STATEMENT OF DECISION AND REASONS

APPLICATION FOR REVIEW

  1. This is an application for review of a decision made by a delegate of the Minister for Immigration on 6 February 2017 to refuse to grant the visa applicant a Partner (Provisional) (Class UF) visa under s.65 of the Migration Act 1958 (the Act).

  2. The visa applicant applied for the visa on 7 February 2016 on the basis of her relationship with her sponsor, the review applicant. At that time, Class UF contained only one subclass: Subclass 309 (Partner (Provisional). The criteria for the grant of this visa are set out in Part 309 of Schedule 2 to the Migration Regulations 1994 (the Regulations). The primary criteria must be satisfied by at least one applicant. Other members of the family unit, if any, who are applicants for the visa need satisfy only the secondary criteria.

  3. The delegate refused to grant the visa on the basis that the visa applicant did not satisfy cl.309.211 and cl. 309.221 because the delegate was not satisfied the parties were in a genuine and continuing relationship and as a consequence the secondary applicant was not able to meet the legal requirements.

  4. The review applicant, Mr Bruce Hemingway appeared before the Tribunal on 9 May 2018 to give evidence and present arguments. The Tribunal also received oral evidence from the visa applicant Ms Hsiu-Chen Lin and from Ms Kylie Jacob, daughter of the sponsor.

  5. The review applicant was represented in relation to the review by his registered migration agent.

  6. For the following reasons, the Tribunal has concluded that the decision under review should be affirmed.

    CONSIDERATION OF CLAIMS AND EVIDENCE

    Background

  7. The visa applicant is a 51 year old female from China who lived in Taiwan prior to coming to Australia and since leaving Australia she has lived in New Zealand. She was previously married to Debiaq He in the period from 18 September 1978 (sic) to 2000 when the parties divorced. There are two children of the marriage born in 1988 and 1990. She was then married to Jian Ming Ying in the period from 13 August 2001 until he died on 21 July 2010.The visa applicant’s father is deceased, her mother, two sisters and two brothers reside in China.

  8. The review applicant is a 74 year old male living in Central Coast, Australia. He was previously married to Robin Hemingway in the period from October 1970 to 27 July 2009. There were two daughters of the marriage.  His parents are deceased; he has one brother and one sister living in Australia.

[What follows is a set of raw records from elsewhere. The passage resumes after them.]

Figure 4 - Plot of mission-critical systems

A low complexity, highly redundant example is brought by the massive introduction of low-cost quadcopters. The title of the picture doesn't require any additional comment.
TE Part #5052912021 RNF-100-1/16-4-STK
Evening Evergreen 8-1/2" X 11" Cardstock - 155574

  9. At the time of the application the parties stated they met at the Tuggerah Remedial Therapy Centre in June 2013. The commenced an intimate relationship in March 2014. In February 2015 they committed to a shared life to the exclusion of all others when the applicant moved in to live with the review applicant at his home. They were married on 7 June 2015.

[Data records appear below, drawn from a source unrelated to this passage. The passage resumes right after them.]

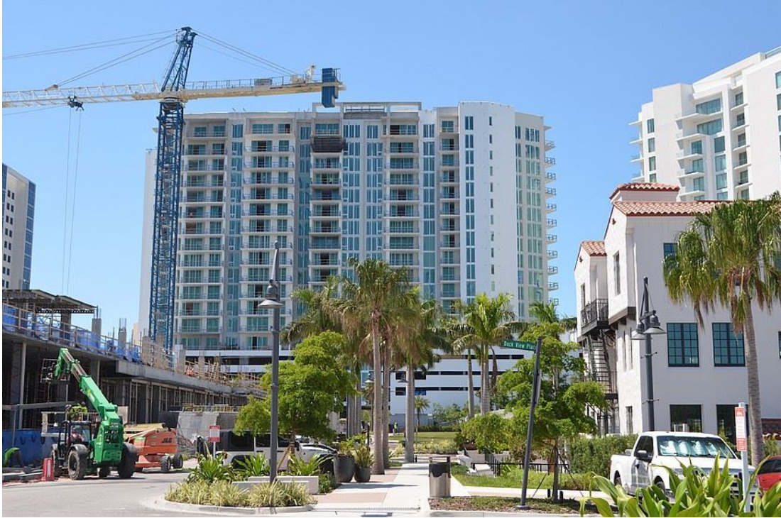
Luxury condominium tower Bayso nears completion at The Quay.

Downtown luxury condo supply remains shy of demand Although more than 600 units are planned or under development in Sarasota, the influx of buyers from across the country, many of them paying cash, still outpaces development. Who are all the buyers for these homes, where are they coming from, and are there enough to sustain the current pace of development? READ FULL ARTICLE .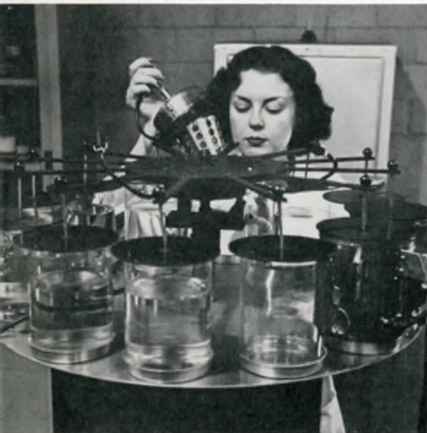
THE CURE FOR CANCER may be found in this laboratory—tomorrow or next week or perhaps next year. But until it is found, cancer research must go on. You can aid in this relentless fight against one of mankind's greatest killers through your fair-share gift to the United Fund.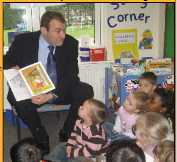
MP Edward Davey is concerned a future Government will cut funds to Kingston's schools and force class sizes for infants to rise again.

Conservatives had the largest class sizes in the country, with up to 40 in a class." Edward's work at Westminster confirms this is a London-wide problem. So he's working cross-party with councils and MPs as the best way to win cash for Kingston.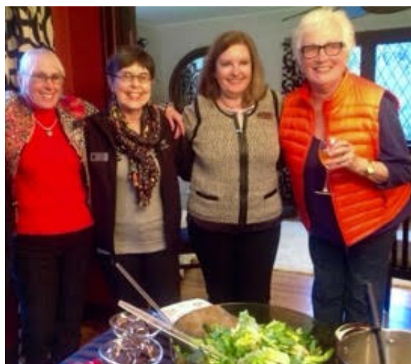
Reel Culture film group gals

    10.      The delegate who made the original decision noted the following issues:

    ·     There was no evidence the parties had continued since application to be in a genuine and continuing relationship.

    Tribunal Proceedings

  10. The issue in the present case is whether the visa and review applicants were in a genuine spousal relationship at the time of application and continue to be in a genuine spousal relationship at the time of this decision.

  11. In making its findings, the Tribunal has considered documents contained in the Department and Tribunal files and oral evidence provided by the review applicant and the visa applicant at the hearing.

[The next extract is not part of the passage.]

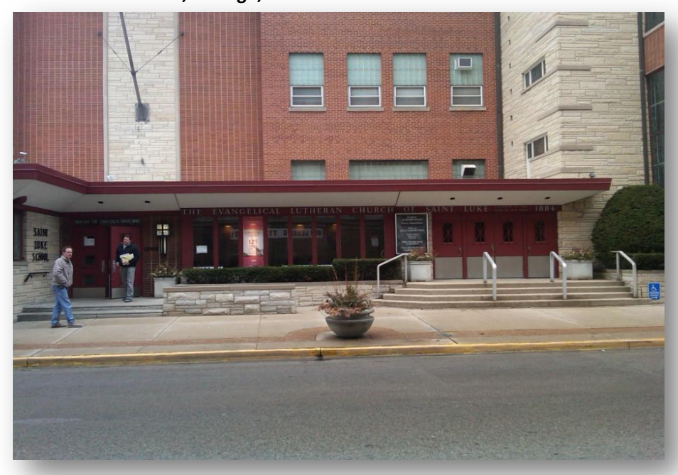
Front elevation before the new lobby addition

  12. There were a number of inconsistencies in the applicant’s oral evidence as to financial matters and whether the first husband of the applicant was deceased and these were put to the applicant at the hearing in accordance with section 359AA of the Act. The Tribunal explained the relevance and the consequences of relying on that information in terms of his credibility.

    Whether the parties are in a spouse or de facto relationship

  13. Clause 309.211(2) and 309.221 require that at the time the visa application was made, and at the time of this decision, the visa applicant is the spouse or de facto partner of an Australian citizen or Australian permanent resident or an eligible New Zealand citizen. In the present case the visa applicant claims to be the spouse of the review applicant who is an Australian citizen.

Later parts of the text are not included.